Wide Centreline Treatments

A wide centreline on Dukes Highway. Several white line markings are visible.
Wide Centreline Treatment on the Dukes Highway

Wide Centreline Treatments comprise two parallel painted lines which separate oncoming traffic more than standard line marking. The width between the lines is typically 1 m. It increases the separation of vehicles with little effect on travel speeds. Where geometric constraints do not allow for the 1-metre width, narrower wide centreline treatments can still provide benefit and be managed on a risk basis. They are used on high-volume, high-speed rural roads. By increasing the separation between traffic flows and allowing extra recovery room, they reduce the risk of crashes of all types, particularly head-on crashes.

Wide Centreline Treatments are considered Safe Systems supporting treatments.
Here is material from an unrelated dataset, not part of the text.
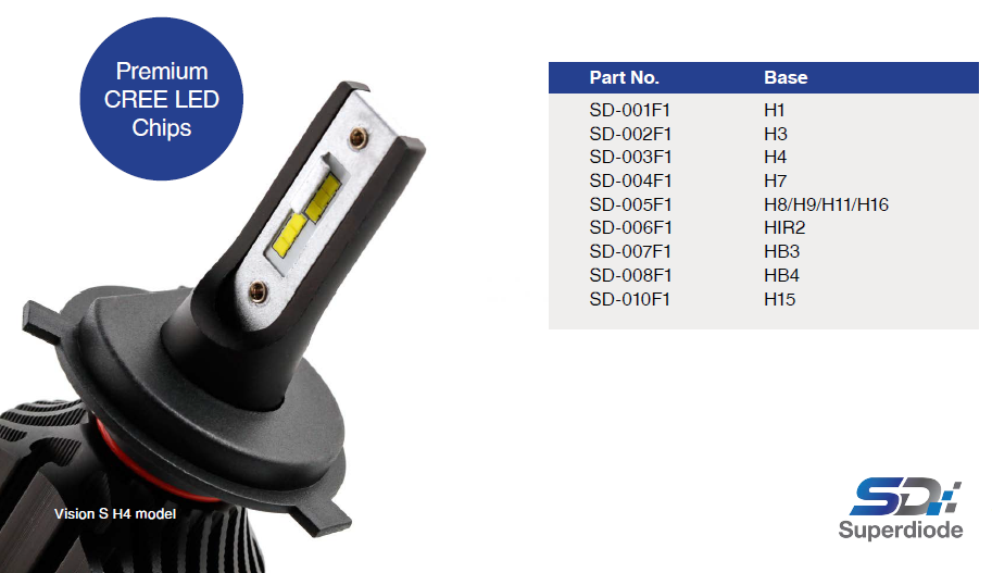 - True Plug & Play Capability: Compact heatsink designed and OEM plugged. These ensures that Superdiode LED Kit will fit into any housing without any modification.
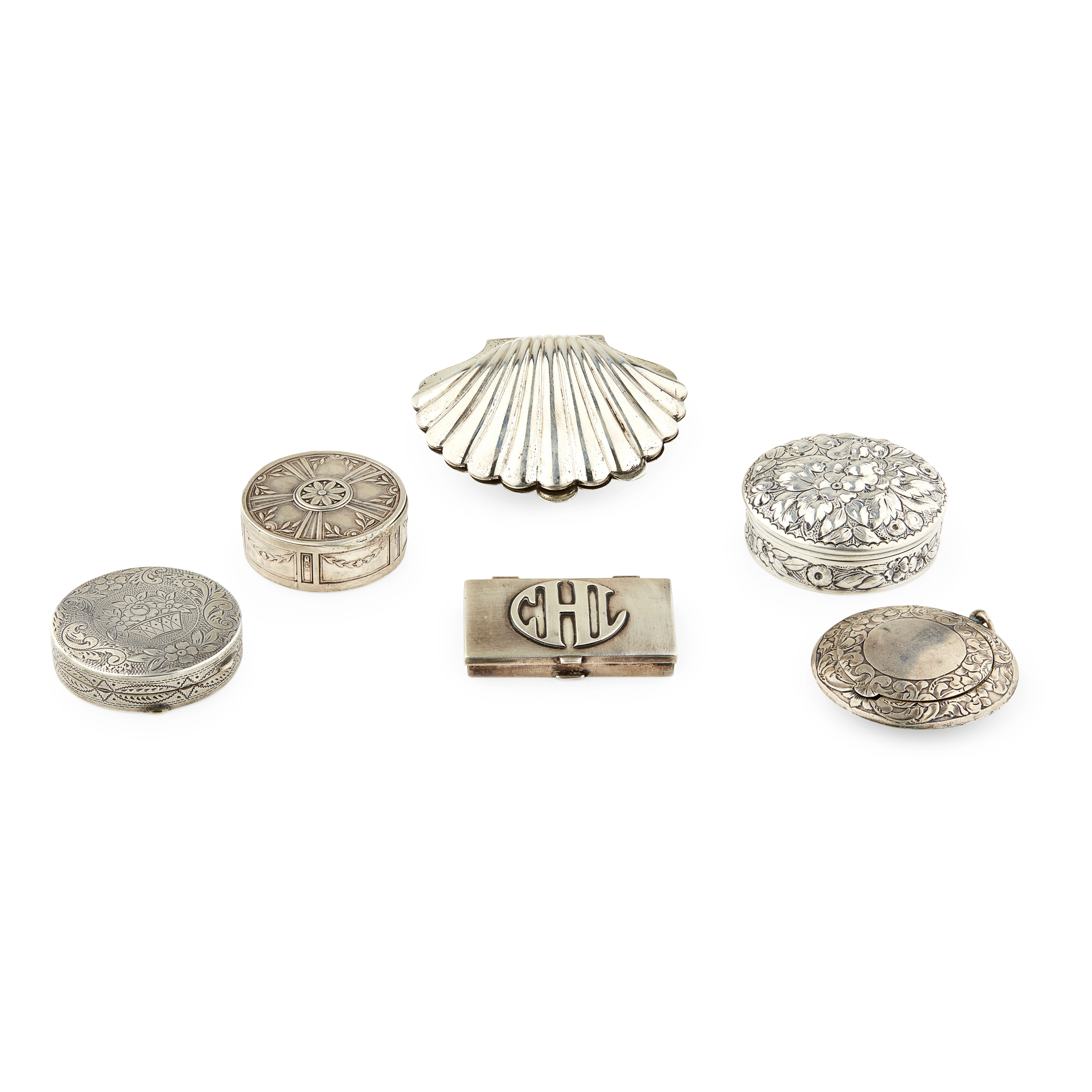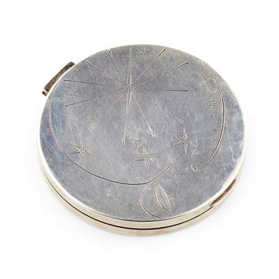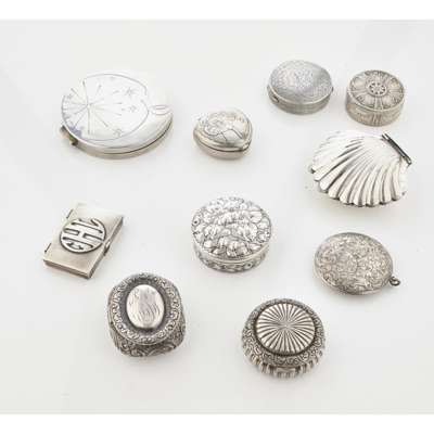 a modernist movement circular compact by Panzinger, simple engraved stars motif; three small early 20th century American patch boxes; a shell shaped compact by Napier; various other patch boxes mainly American (10)

They create the space for a primary treatment, median wire rope safety barriers, to be installed in the future.

Audio Tactile Line Marking

A closeup of tactile line markings on a highway.
ATLM on the edge line of a regional road

Audio Tactile Line Marking (ATLM) is used on regional roads in conjunction with shoulder sealing to reduce the incidence of run-off road and head on crashes.

ATLM consists of raised thermoplastic projections which are installed beside or on top of the centre or edge lines. ATLM improves the safety of a road by providing a noise (audio) and vibratory (tactile) warning to road users who may drift from their lane due to inattention, fatigue or poor visibility.

ATLM is very effective in reducing the risk of crashes and has resulted in a 30% reduction in drivers running off-road.